Negative Exposure
by Thierry Smolderen, Georges
Pop, Enrico Marini
(Humanoids, 2003)

Imagine you're a reporter. Now, imagine you wake up in your Beijing hotel room to find the Tiananmen Square massacre taking place just 150 meters from your window. You leave your hotel room and begin trying to cover the hellish event. Then, out of nowhere, a woman you've never met arrives to whisk you away ... to safety? No, rather, to a location where 200 students from the failed uprising are about to be executed.

You, and you alone, are expected to take photos of the event, get them out of China and have them published, bringing an end to the rule of Deng Xiaoping.

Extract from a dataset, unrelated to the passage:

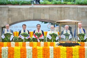 Pagi Hari di New Delhi, Presiden Jokowi Beri Penghormatan di Mahatma Gandhi Samadhi

Got all that? Good. You've just peeked into the life of investigative reporter Oliver Varese, the main character in the trade paperback collection Negative Exposure from Humanoids Publishing.

Written by Thierry Smolderen and Georges Pop, this engaging tale combines breakneck-paced action, international intrigue and great humor to produce a comic-reading experience all its own. Varese is finely portrayed as the in-over-his-head reporter who rises to the occasion, so thanks is due to said writers for superb characterization as well.

Artist Enrico Marini employs a manga/European art style that combines great character expression with fine detail. It goes a long way toward the success of the story. Readers should be forewarned, however, that this is NOT a children's book, due to the all-too-European tendency to insert nudity and sexual content needlessly.

"Oh, grow up, you prude! Comics surely have matured," is very often the response to such statements. Though, I must admit, I've never understood why including naked characters, sex and schoolyard language in a story is considered "mature." I'm much more impressed by a creator's ability to weave an entertaining tale by means of characterization, implication and wonderful artwork; but that's just me.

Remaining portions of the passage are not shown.